Other examples include convening the BC-First Nations Water Table, which includes representatives from the province and delegates from First Nations:
“This announcement formalizes the BCFNWT’s role co-managing the Watershed Security Fund and further co-development of BC’s watershed security strategy,” facilitated by a $100-million investment.
Similar language is woven through virtually every government press release and engage BC announcement. In fact, there is even a dedicated webpage describing “how [every ministry and sector of government] are to work together with Indigenous Peoples in developing provincial laws, policies and practices.”
It is therefore really no wonder that when asked directly by host Jill Bennett if BC was being co-governed by First Nations, AFN Regional Chief Terry Teegee responded directly, “Yes, that’s exactly right.”
Teegee even went on to explain how Indigenous political organizations’ right to govern the province is effectively on par with that of our democratically elected government, and asserted that this was the intent of the DRIPA legislation, contrary to statements made in the legislature by the former Minister Scott Fraser.
Teegee’s statements should not have been shocking at all. In fact, they were entirely accurate in the sense that they reflect reality: the laws and policies of this province have been crafted through co-governance for several years already.
But that does not make it any less absurd.

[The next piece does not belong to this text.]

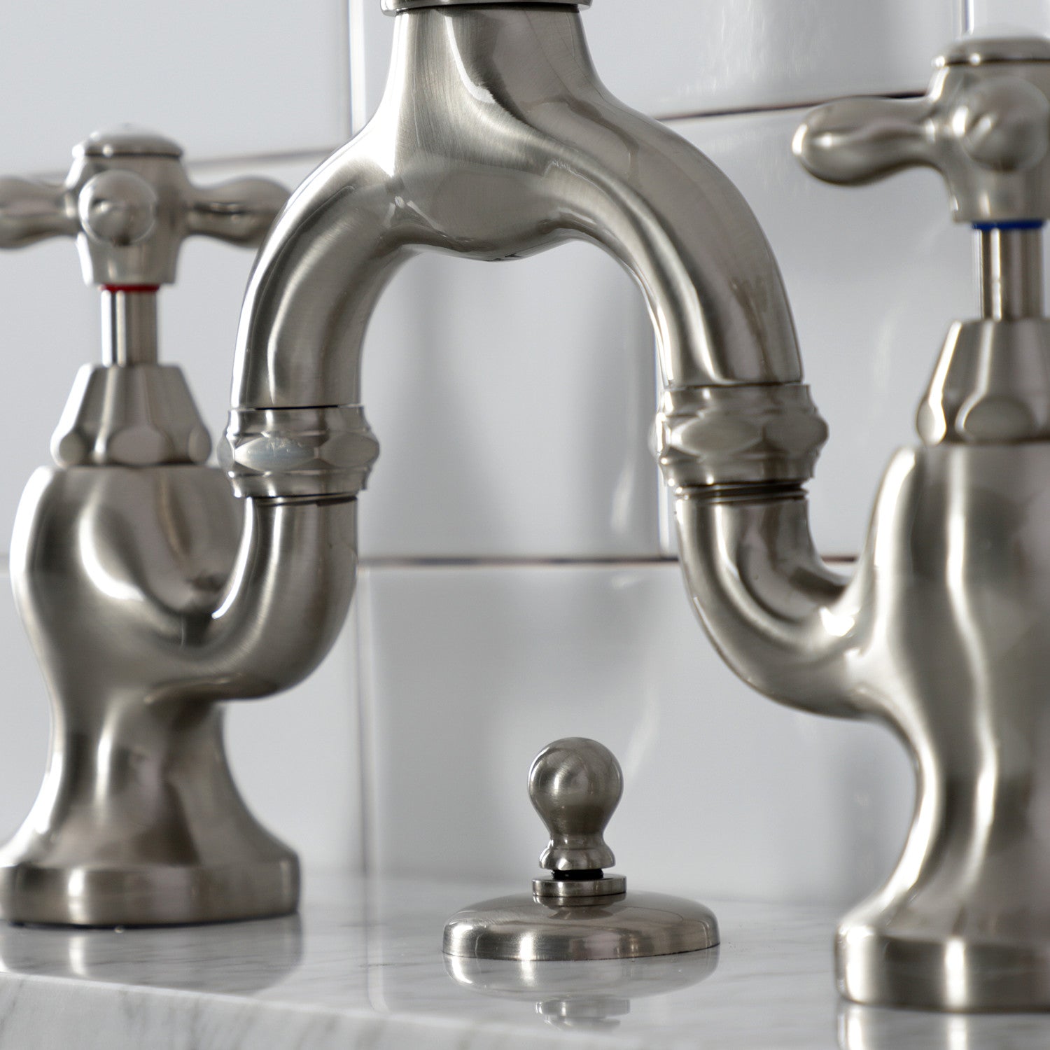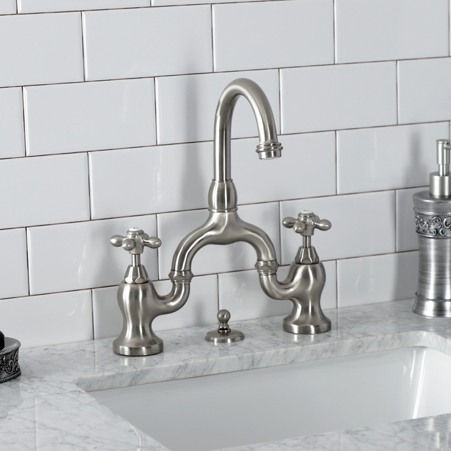 English Country KS7998AX Two-Handle 3-Hole Deck Mount Bridge Bathroom Faucet with Brass Pop-Up, Brushed Nickel
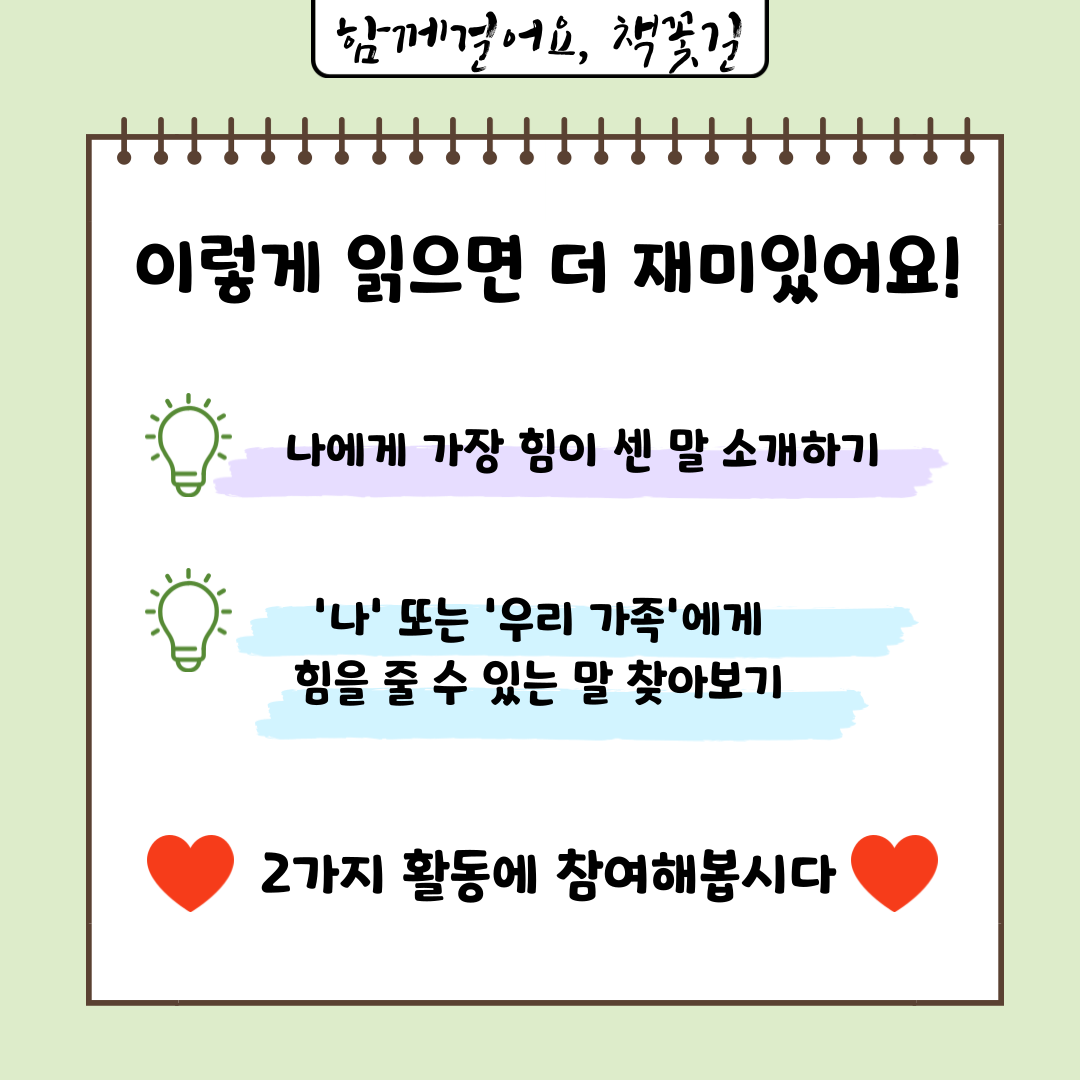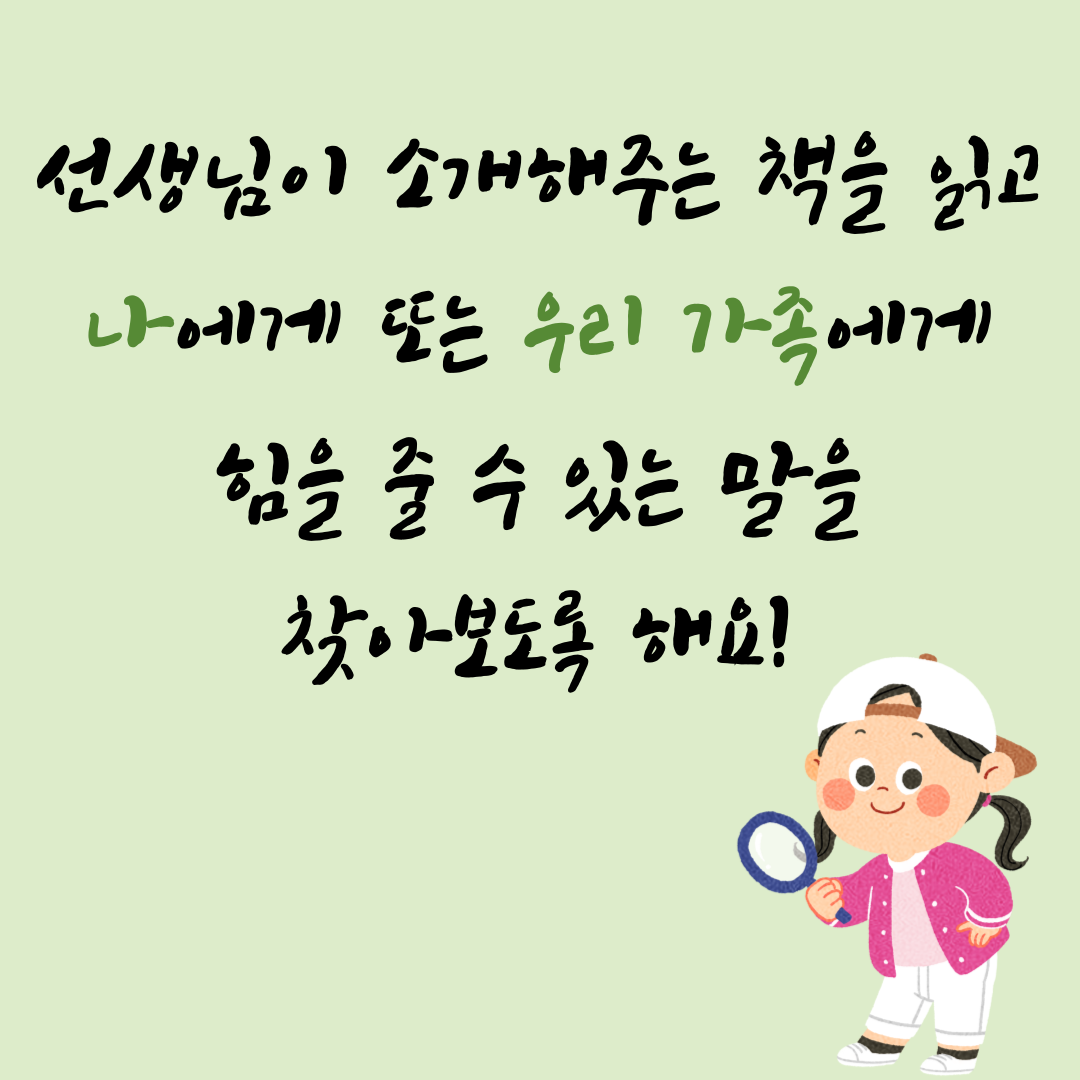선생님이 소개해주는 책을 재미있게 읽고, 나에게 또는 우리 가족에게 힘을 줄 수 있는 말(세상에서 가장 힘이 센 말)을 찾아보도록 해요! 선생님과 함께 책을 읽어볼까요?

“Non-Indigenous” British Columbians, as we are now labeled, do not have the right to vote for Terry Teegee or any other member of Indigenous political lobbying organizations. Not even all Indigenous British Columbians have that right either, as Teegee is elected by other First Nations Chiefs —
meaning about 200 people.
Allowing co-governance with Indigenous political executives such as the FNLC therefore appears to be an illegitimate delegation and concentration of power even with regards to the representation of First Nations people in BC. This model of co-governance materially disenfranchises virtually every person in the province.

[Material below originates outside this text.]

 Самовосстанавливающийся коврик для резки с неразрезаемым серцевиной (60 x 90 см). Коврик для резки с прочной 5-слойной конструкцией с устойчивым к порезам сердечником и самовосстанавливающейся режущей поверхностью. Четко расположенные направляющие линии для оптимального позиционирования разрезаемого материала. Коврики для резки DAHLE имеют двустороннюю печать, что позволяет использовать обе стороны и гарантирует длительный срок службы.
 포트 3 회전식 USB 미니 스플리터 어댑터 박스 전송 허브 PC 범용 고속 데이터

I, for one, cannot recall when my right to hold those in power to account through elections was forfeit. There exists no cause or reasoning that can justify the erosion of the most basic mechanism underpinning democratic governance – not reconciliation, not treaty rights, not rights granted through legislation, and certainly not threats of collective resistance and lawsuits, blockades of critical infrastructure, or non-cooperation with nation building projects.
It is absurd to believe that British Columbians can or should be cajoled, shamed, or threatened into accepting further disenfranchisement.

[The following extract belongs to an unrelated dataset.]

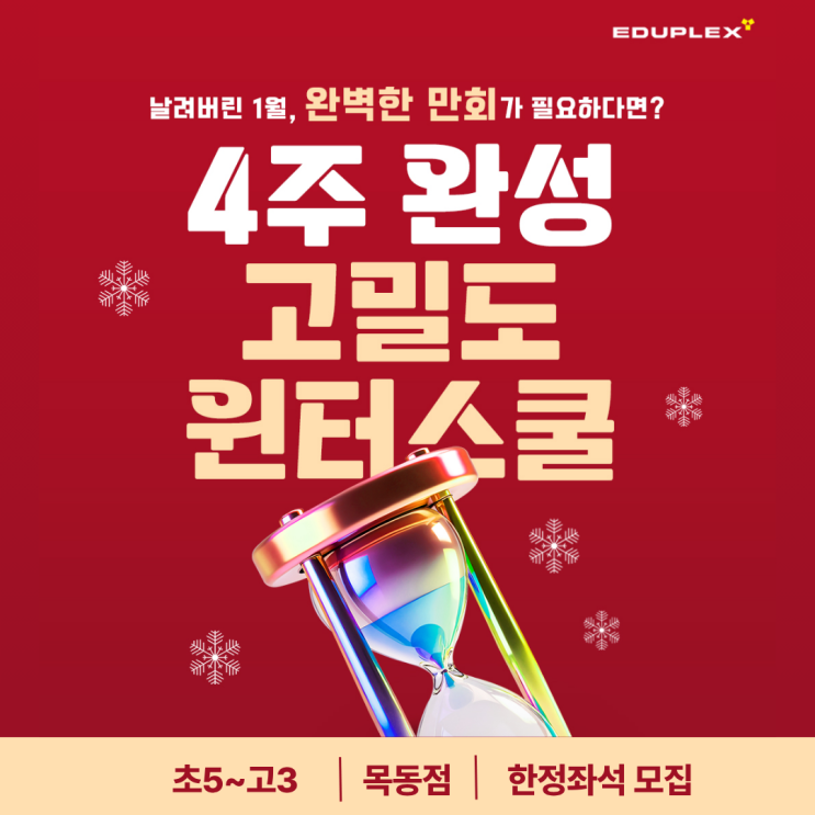 “방학하고 윈터 알아보는데 너무 늦었을까요?” “두 달 풀로 보내기엔 일정도 비용도 부담이에요.” “부족한 것만 딱 정리하면 될 것 같은데…?” 이런 고민으로 망설이시는 학부모님들께, 목동 에듀플렉스가 준비한 해답이 있습니다. ❄️ 4주 완성 고밀도 윈터스쿨 ❄️ 시작일/시간표/커리큘럼 모두 학생 맞춤으로 진행되기 때문에 1월에 들어와도 4주 동안 목표를 충분히 달성할 수 있어요! 좌석 제한적으로 운영 중이니 빠르게 상담신청 남겨주세요! 어떻게 4주 완성이 가능한가요? 핵심은 구조가 다릅니다 많은 학원에서는 정해진 시간표 + 정해진 진도를 따라가게 됩니다. 그러면 아이 입장에서는 ‘나에게 부족한 것’보다 학원 진....... <img src="https://blogthumb.pstatic.net/MjAyNjAxMTVfNjIg/MDAxNzY4NDQ0NjgyMTg0.sxstyFd3_Y-u7nz71v156VJP_vpbJ-6yQfTwS_snyawg.nPlBwXybBdPioD5YCJmVmtSmAGVi8szyKsxV914QDf4g.PNG/%C1%A6%B8%F1%C0%BB_%C0%D4%B7%C2%C7%D8%C1%D6%BC%BC%BF%E4._%2833%29.png?type=s3" />
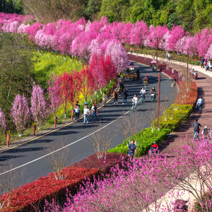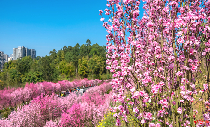 四川乐山嘉州绿心公园“十里桃花”盛开,绝美春景吸引大批市民游客打卡

Democratic governance is not a natural state for society. The maintenance of true democracy requires an adversarial and tenacious press, an independent and impartial judiciary that exercises restraint, a broad and reasonably well educated middle class, plus one more crucial thing: that regular nobodies be willing to step into the arena and hold politicians to account when they fail to uphold their duties.
Elected representatives in our legislature hold the exclusive responsibility to write laws, collect and allocate revenues, and scrutinize the legislative work of their colleagues before it becomes provincial law.
No politician, whether it be David Eby or Damien Kurek, should be allowed to disregard or delegate the mandate entrusted to them by voters. And if they do, democracy requires that nobodies step into the arena to remind the decision makers who they work for.
Laurisa Dohm is a BC-based consultant and policy advisor. She holds an M.Sc from Gothenburg University.